The IGFA also said in the release that it opened its headquarters and hall of fame on Gulfstream Way in 1999 “thanks to a generous land donation” by Johnny Morris, founder of Bass Pro Shops and trustee emeritus of IGFA.
Baywood Hotels successfully proposed four variances from code requirements for its Element Hotel development.
The Dania Beach City Commission allowed the hotel’s height to be six stories instead of the standard maximum of five stories. The building closest to the development site is a six-story Courtyard by Marriott. The commission also reduced the required setbacks and the required amount of landscaping in vehicular use areas and on the west side of the property’s perimeter.
The planned hotel, which would rise near Fort Lauderdale Hollywood International Airport, is designed at 85 feet and 6 inches tall, including the height of an architectural feature. But the Broward County Aviation Department determined on Sept. 16 that the planned hotel would not pierce any protected airspace.

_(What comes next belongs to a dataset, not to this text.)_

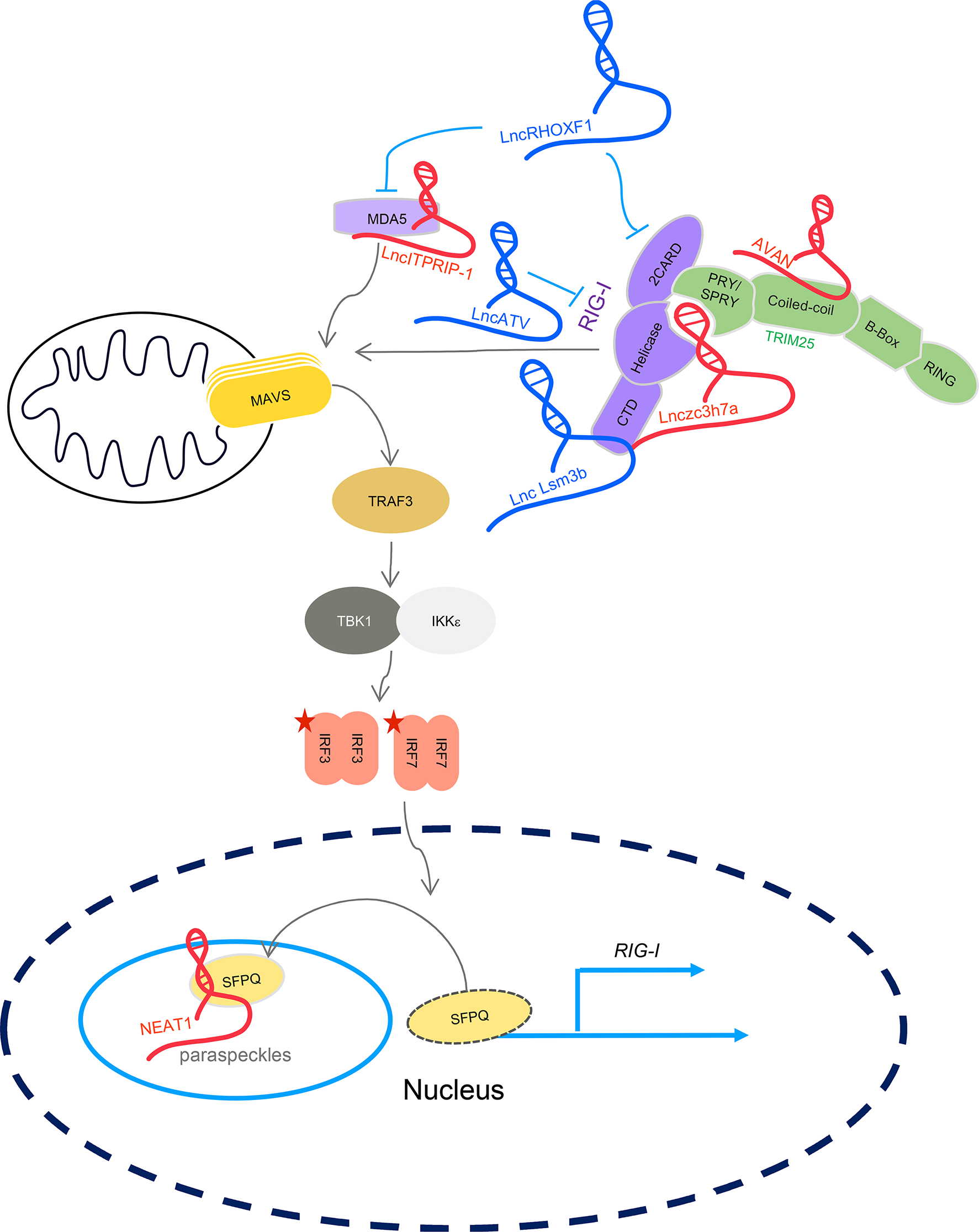 LncRNAs regulates RLR-mediated IFN signaling. LncRNA NEAT1, lnczc3h7a, AVAN, and lncITPRIP-1 positively regulate IFN signaling through targeting proteins indicated in the figure. Lnc-Lsm3b, lncATV, and lncRHOXF1 negatively regulate IFN signaling by targeting RIG-I and RLRs. Five-sided star represents phosphorylation modification. LncRNA in blue represents negative regulators; lncRNA in red is positive regulators for IFN signaling.

In September of last year, Baywood Hotels sold the eight-story, 96-key Hilton Garden Inn Miami Beach for $28 million. A joint venture of Montford Group and Opterra Capital bought the hotel at 2940 Collins Avenue.
Baywood’s other hotels in South Florida include the La Quinta Inn & Suites Miami Airport West/Doral, the Home2 Suites by Hilton / Tru Miami Airport South Blue Lagoon, and the AC Hotel Miami Airport West/Doral.